EXERCISE BRIEF: Print, in exact form, the lines below from the one containing "This rug works" through the one containing "JakCloth Lebaran Fair", and omit all others.

MATERIAL FOR THE TASK:
◇ ◇ ◇ ◇
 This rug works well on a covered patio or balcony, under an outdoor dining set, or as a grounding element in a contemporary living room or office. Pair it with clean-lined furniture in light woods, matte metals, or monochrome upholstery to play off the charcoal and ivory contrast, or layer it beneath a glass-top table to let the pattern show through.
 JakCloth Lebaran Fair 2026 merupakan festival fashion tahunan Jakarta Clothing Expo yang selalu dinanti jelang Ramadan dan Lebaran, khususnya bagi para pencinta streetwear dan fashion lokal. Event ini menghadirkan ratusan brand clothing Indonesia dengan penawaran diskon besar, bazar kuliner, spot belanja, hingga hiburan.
◇ ◇ ◇ ◇
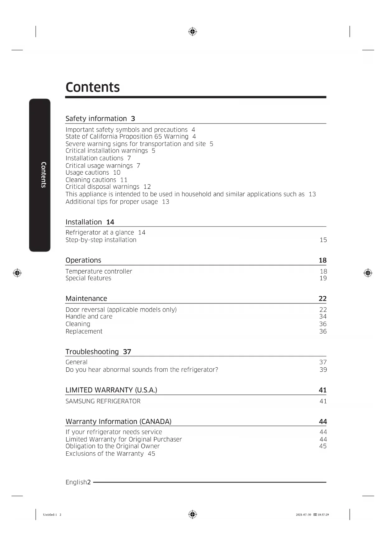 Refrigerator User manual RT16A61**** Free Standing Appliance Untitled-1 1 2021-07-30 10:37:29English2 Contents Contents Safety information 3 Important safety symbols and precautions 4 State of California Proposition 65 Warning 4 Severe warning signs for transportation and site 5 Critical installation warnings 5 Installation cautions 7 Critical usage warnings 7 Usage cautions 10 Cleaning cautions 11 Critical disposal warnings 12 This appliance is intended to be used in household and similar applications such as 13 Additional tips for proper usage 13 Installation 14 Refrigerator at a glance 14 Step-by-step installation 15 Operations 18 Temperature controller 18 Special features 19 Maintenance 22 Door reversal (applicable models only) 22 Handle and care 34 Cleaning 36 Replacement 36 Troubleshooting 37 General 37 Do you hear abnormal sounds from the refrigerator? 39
◇ ◇ ◇ ◇
ANSWER:
 This rug works well on a covered patio or balcony, under an outdoor dining set, or as a grounding element in a contemporary living room or office. Pair it with clean-lined furniture in light woods, matte metals, or monochrome upholstery to play off the charcoal and ivory contrast, or layer it beneath a glass-top table to let the pattern show through.
 JakCloth Lebaran Fair 2026 merupakan festival fashion tahunan Jakarta Clothing Expo yang selalu dinanti jelang Ramadan dan Lebaran, khususnya bagi para pencinta streetwear dan fashion lokal. Event ini menghadirkan ratusan brand clothing Indonesia dengan penawaran diskon besar, bazar kuliner, spot belanja, hingga hiburan.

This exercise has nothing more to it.